City Purchasing Policy
The City's purchasing policy must be followed in order to comply with the State of Minnesota
purchasing and contracting statutes. Vendor quotes shall be received, if required by policy, and the
contract shall be awarded to the lowest responsible bidder. Invoices paid by the City must be billed to
the City of Hutchinson and not another entity.
Public Purpose Expenditures
The City expenditure made on behalf of the Other Entity must meet a "public purpose", defined by the
Minnesota Supreme Court as meeting all of the following:
1) The activity will benefit the community as a body.
2) The activity directly relates to the function of government.
3) The activity does not have, as its primary objective, the benefit of a private interest.

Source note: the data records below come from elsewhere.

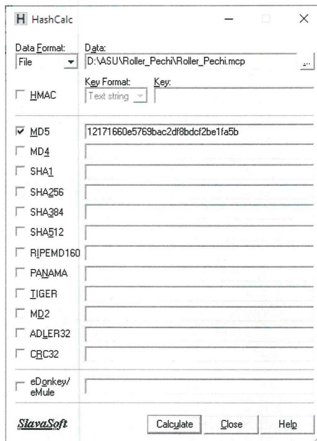
Рисунок 2 – расчет контрольной суммы MD5 файла конфигурации станции визуализации

9.4 Результат проверки положительный, если контрольные суммы файлов конфигурации проектов совпадают с приведенными в описании типа на ИС.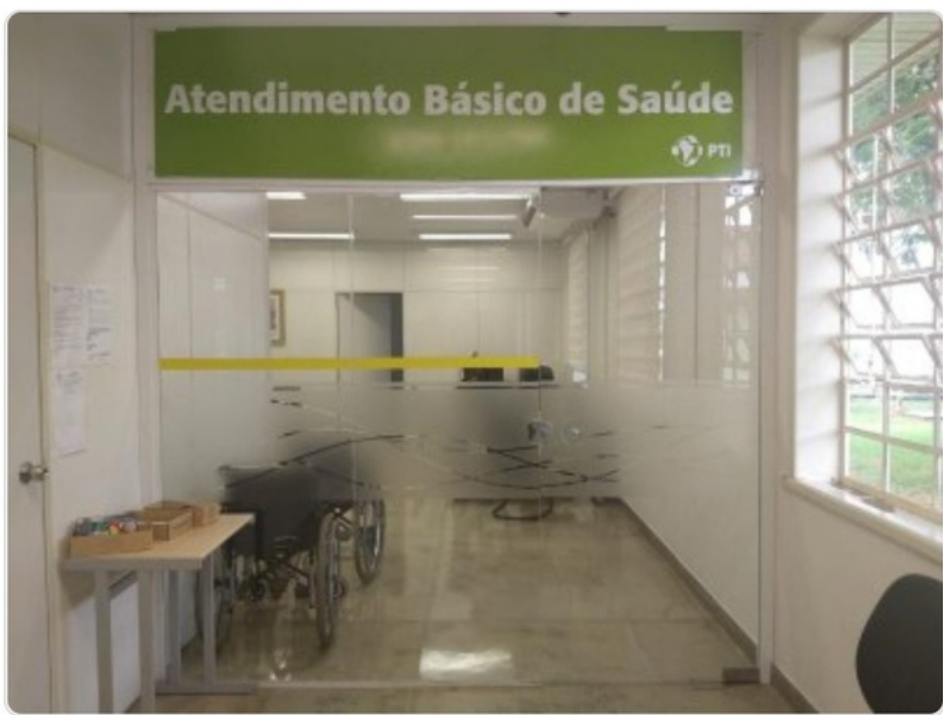
Sala de Atendimento Básico de Saúde, no PTI

O Departamento de Atendimento à Saúde (DEAS) oferta aos estudantes: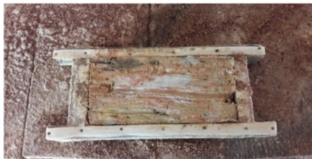
Gambar 3. Pencetakan Batu Bata Merah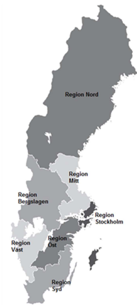
Tabell 12. Länens indelning i polisregioner och befolkningsmängd i respektive polisregion 2023.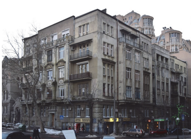
Рис.10. Будинок Маргуліс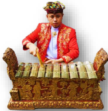
Gambar 2. Posisi Ngebat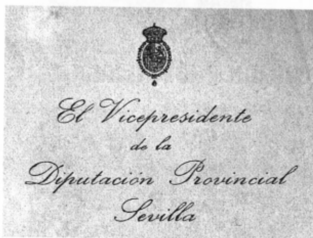
Fig. 3. Impreso de 1927.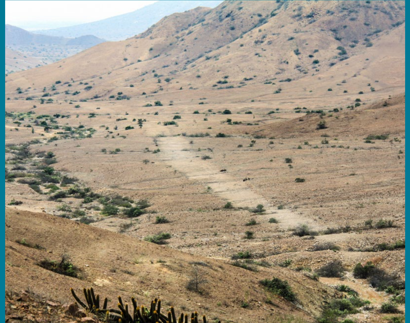
Camino de los Llanos en un paso natural entre los cerros Plácido, cerro Cóndor y cerro El Gigante. Ferreñafe, Lambayeque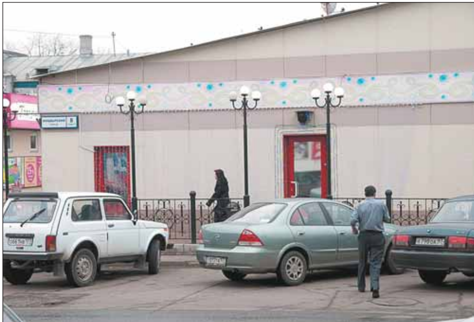
Лотерейные автоматы в торговом центре на Анадырском, 8, работают, увы, на законных основаниях

— На территории района, в том числе и на Анадырском, 8, у станции Лосиноостровская, работают не залы игровых автоматов — их действительно закрыли, — а лотерейные клубы. Деятельность клубов регулирует закон «О лотереях», разрешение выдает Федеральная налоговая служба. Мы, со своей стороны, требуем от владельцев оборудования и организаторов лотереи пакет первичных документов на право деятельности. Об открытии в районе лотерейных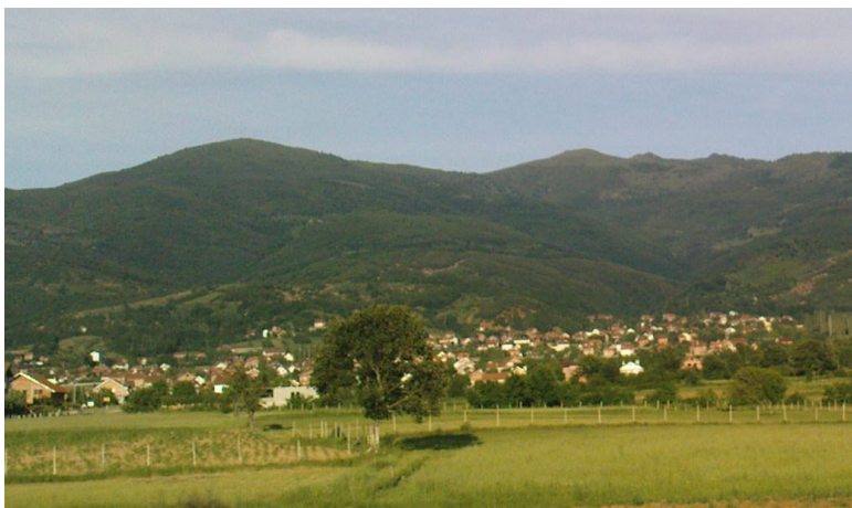
Fshati Vraniq (Verë 2011)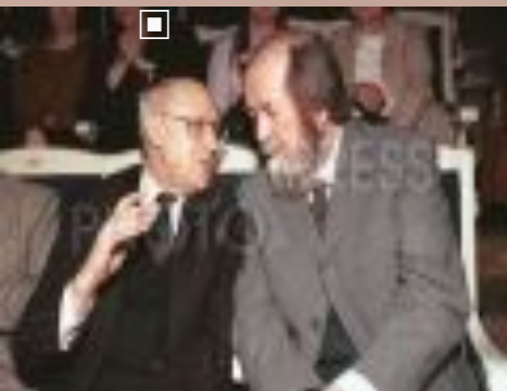
Солженицын и академик А.Сахаров.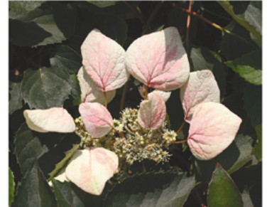
Schizophragma hydrangeoides 'Minsens'

Para ver preguntas e instrucciones de cuidado completas, visita ProvenWinners.com/ShrubCare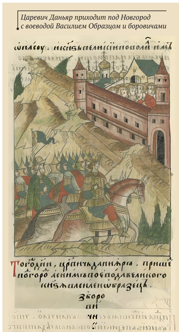
Царевич Даньяр приходит под Новгород с воеводой Василием Образцом и боровичами

После грустной истории с врачом Антоном, т. е. после 1483 года, Даньяр не упоминается в летописных источниках. В современных интернет-источниках иногда говорится, что эта ветвь Чингизидов в России прервалась на Даньяре. Документы, хранящиеся в геральдических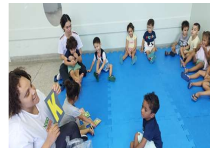
Inicial do nome Intencionalidade: Conhecer e identificar a letra inicial do nome.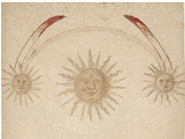
Рисунок . 10-02-1639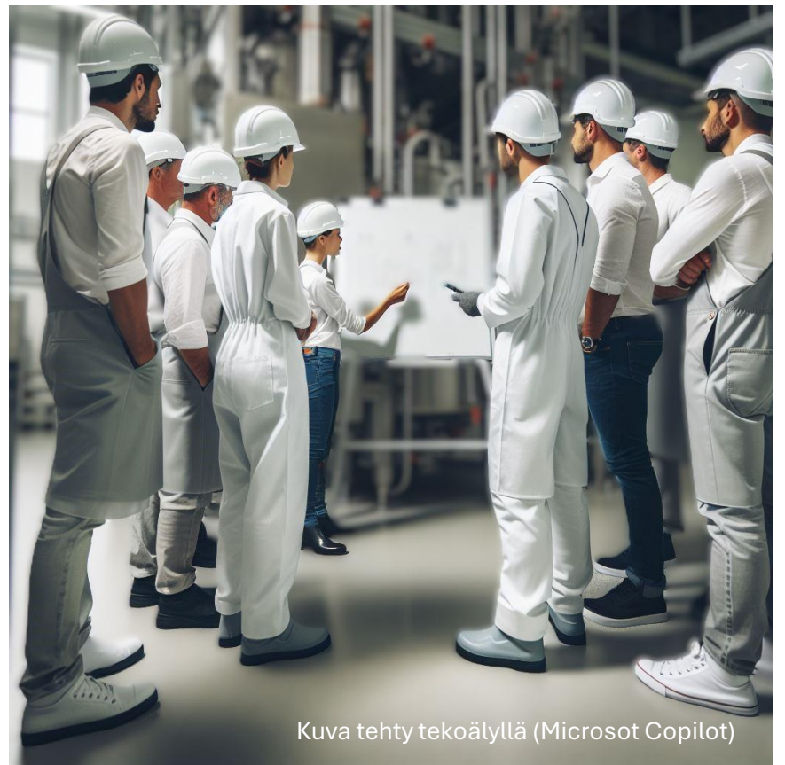
Kuva tehty tekoälyllä (Microsoft Copilot)

Turvallisuudesta puhuminen lisää tietoisuutta ja turvallisuushavaintojen määrää. Työntekijöiden mahdollisuus osallistua keskusteluun on tärkeää.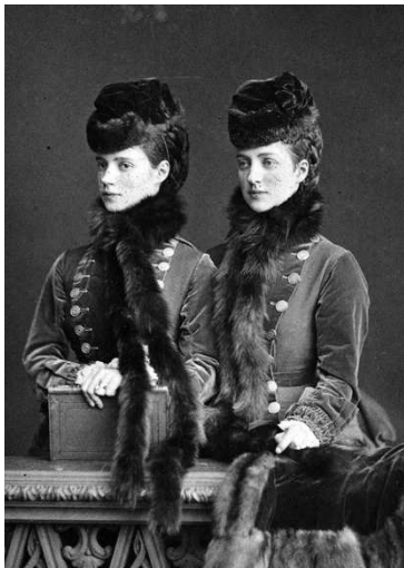
Twee Deense prinsessen: Dagmar trouwde met Alexander Romanov en werd als Maria Feodorovna tsarina van Rusland; haar zus Ova trouwde met de latere koning Eduard VII en werd koningin van Engeland.

Die verbintenissen tussen de verschillende vorstenhuizen hadden in Europa geleid tot een sterke band tussen verschillende landen. Die band werd in de loop van de 19 e eeuw alleen maar sterker.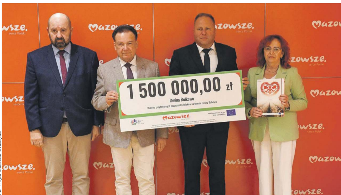
1,5 mln zł dofinansowania z Samorządu Województwa Mazowieckiego trafiły do gminy Bulkowo

Powiat Płocki z 3,5 mln zł na Centrum Edukacji Dziecięcej w Goślicach

The Minnesota Supreme Court further clarifies that activities that promote the following objectives for
the benefit of all the city's residents further a public purpose:
• Public Health
• Safety
• General welfare
• Security
• Prosperity
• Contentment
Donations
Donations related to a project with the City serving as fiscal agent shall be made directly to the City of
Hutchinson. The Hutchinson City Council shall formally accept all donations by resolution prior to
those funds being used for the designated purpose.
Grants
The Other Entity shall be responsible for the preparation of all grant documentation and grant
compliance, including reporting requirements. The City shall, upon request from the Other Entity,
supply supporting documentation or reports related to transactions incurred within the City's financial
system.
Other
The City shall not expend funds in excess of donations or grant proceeds received without City
Council or City Administrator approval.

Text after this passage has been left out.